As contractual relationships increasingly become more complex, arbitrations with more than two parties (e.g., arbitrations where there are two or more claimants suing jointly, or two or more respondents being jointly sued, or both) have become the norm. Having multiple claimants or multiple respondents increases the chances that they would not be able to agree on a procedure for the appointment of arbitrators or in the arbitrator to be nominated. This could then potentially lead to delay in the very beginning of the proceedings. The amended IAA has thus addressed this gap, to ensure that arbitration proceedings remain alive to the modern commercial landscape.

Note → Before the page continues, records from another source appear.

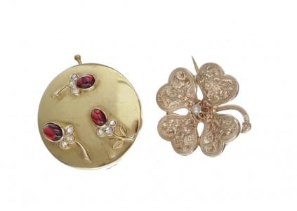 Or 585, 56 zolotnik, D 2,5 cm, 5 g. On joint une broche ancienne...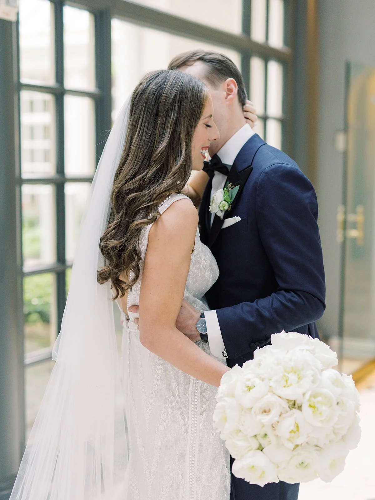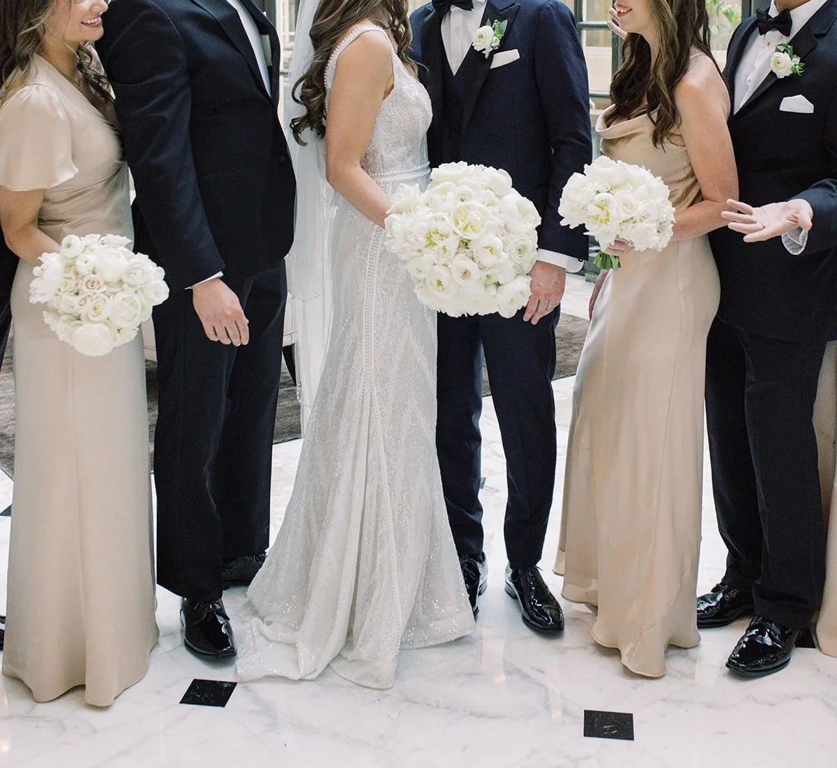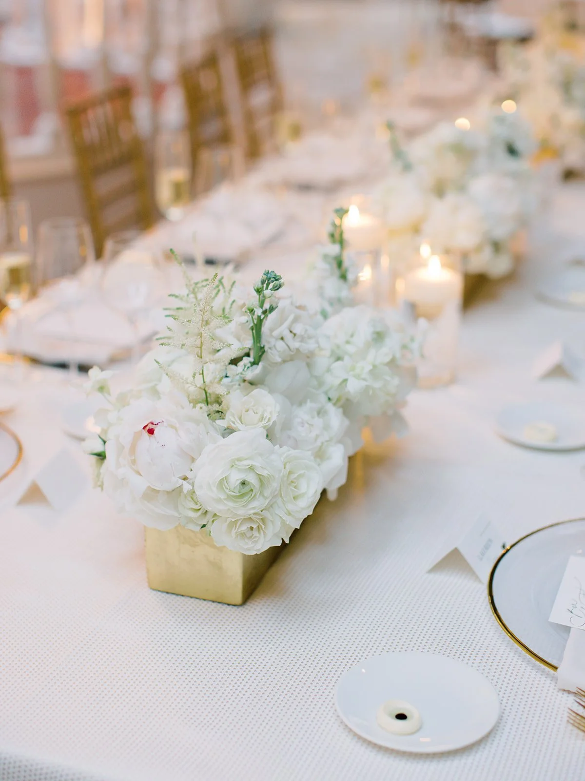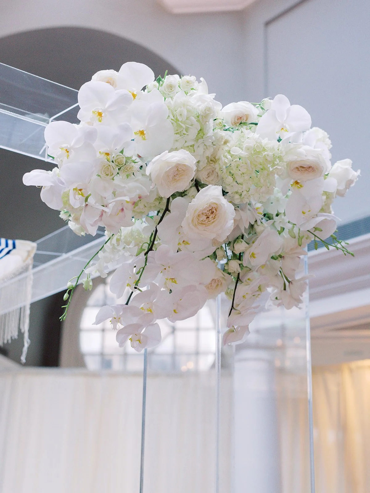 Gabby and Jason’s sweet wedding used tons of soft textures, in white, to create a light and romantic atmosphere. We loved being able to combine orchids, ranunculus, and roses all into this design to achieve the look! Our favorite of the day, though, was creating the hanging rose installation over the sweetheart table. Planning by Kim Newton Weddings and photography by Cassie for La Vie en Rose.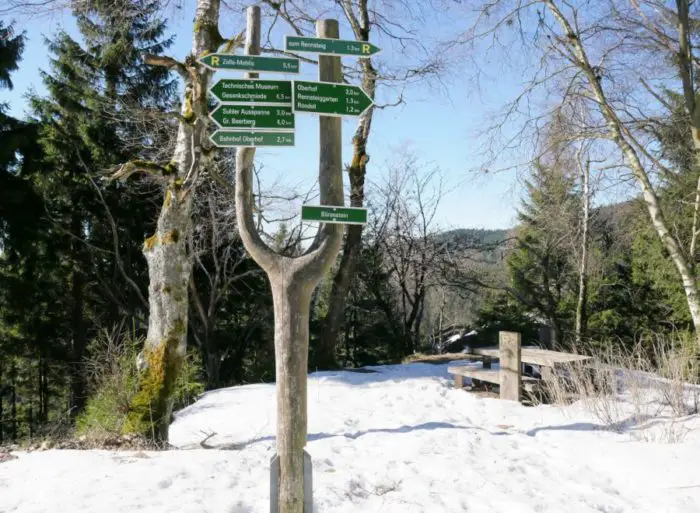 Dauer & Strecke: Insgesamt ca. 10 Kilometer (Achtung – Im Schnee ist man deutlich langsamer unterwegs). 4 Stunden (inkl. Pausen) sollten eingeplant werden. Bei Start am Rondell Oberhof ist die Gesamtstrecke um ca. 3,5 Kilometer kürzer.

The confidentiality of international arbitration proceedings, on the other hand, is one that is already provided for under common law. Parties generally have a duty not to disclose confidential information obtained in the course of the arbitration. The amended IAA provides arbitral tribunals and the Singapore High Court with greater confidence to impose penalties for breaches of confidentiality by the parties. As virtual hearings have increased in the past year due to the pandemic, this emphasis in the tribunal’s power to enforce confidentiality becomes even more relevant. 

Brief Background

Previously, on June 2019, the Singapore Ministry of Law (“MinLaw”) released the proposed amendments to the IAA for public consultation. There were four major areas of change:

a) a default mode of appointment of arbitrators in multi-party situations;

b) powers of an arbitral tribunal and the High Court to enforce confidentiality obligations;

c) allowing parties to, by agreement, request the arbitrator to decide on jurisdiction at the preliminary stage; and

d) allowing a party to the arbitral proceedings to appeal to the High Court on a question of law arising out of an award made in the proceedings, provided parties have agreed to opt in to this mechanism.

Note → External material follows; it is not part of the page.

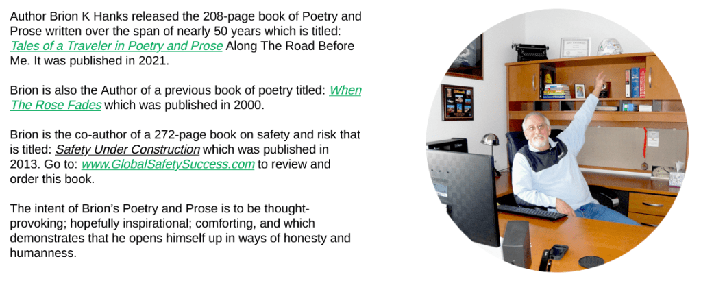 Poetry is among the unique forms in written and oral languages. Many individuals use poetry daily, with Brion K. Hanks, author of “Tales of a Traveler in Poetry and Prose Along The Road Before Me,” who writes heartfelt poetry for family and friends. Poetry as catharsis is vital to our lives.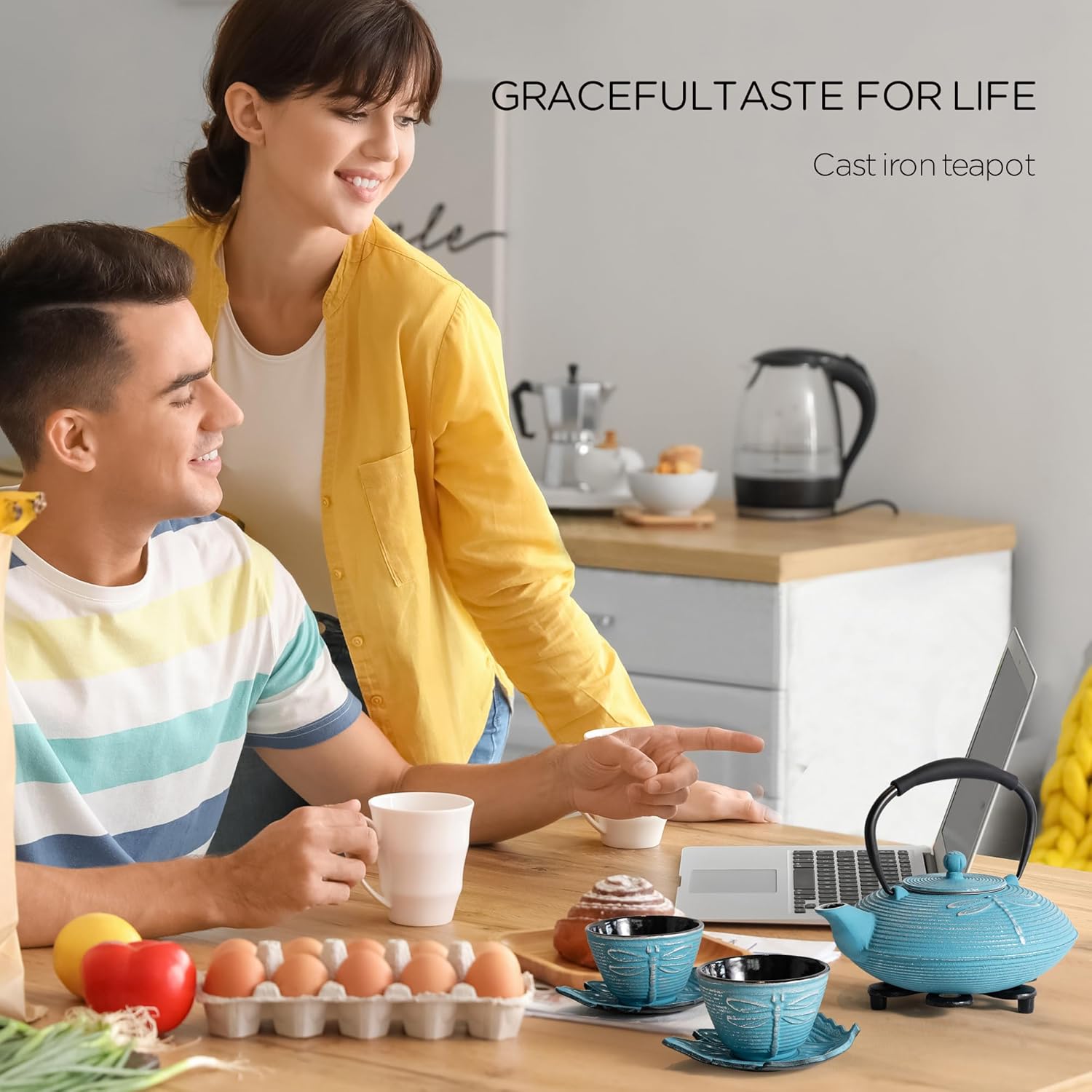 Cast Iron Teapot Set with 2 Tea Cups, 7 Pcs Japanese Tea Kettle with Stainless Steel Infuser, Tea Pot Coated with Enameled Interior, Dragonfly Pattern, 28oz 800ml Blue

On 1 September 2020, the Singapore Ministry of Law introduced the International Arbitration (Amendment) Bill that dealt with the first two of the above four items. These amendments were passed in October 2020.

Default Procedure for the Appointment of Three Arbitrators in Multi-Party Arbitrations

A multi-party arbitration is one wherein there are three or more parties (i.e., two or more claimants, two or more respondents, or both). Previously, there was no provision under the IAA for a default procedure to appoint three arbitrators in a multi-party arbitration, in the event that the parties have not agreed on this procedure beforehand. Instead, there was only a default procedure in the situation where there was a single claimant and a single respondent.

Under the amended IAA, the default mode of appointment of three arbitrators in a multi-party arbitration is as follows:

a) The claimant, or all the claimants by agreement if more than one, must:

i. jointly appoint an arbitrator on or before the date of sending of the Request for the dispute to be referred to arbitration (“Request”), and

ii. inform the respondent(s) of the appointment on the same date that the Request is sent to the latter.

In practical effect, the claimant(s) must state in its Request or notice of arbitration its nominated co-arbitrator.

b) The respondent(s) must, by agreement if there is more than one respondent:

i. jointly appoint an arbitrator, and

ii. inform the claimant(s) of the appointment within 30 days after the date of receipt of the Request by the respondent, or by the last respondent to receive the Request if there is more than one respondent.

c) The first and second arbitrators must by agreement nominate the third arbitrator, who is the presiding arbitrator, within 60 days after the date of receipt of the Request by the respondent, or by the last respondent to receive the Request if there is more than one respondent.

d) If either side fails to appoint an arbitrator or fails to inform the other side of such appointment, upon the request of any party, the appointing authority must appoint all three arbitrators. The appointing authority may reappoint or revoke any appointment already made, and designate one of the three arbitrators as the presiding arbitrator.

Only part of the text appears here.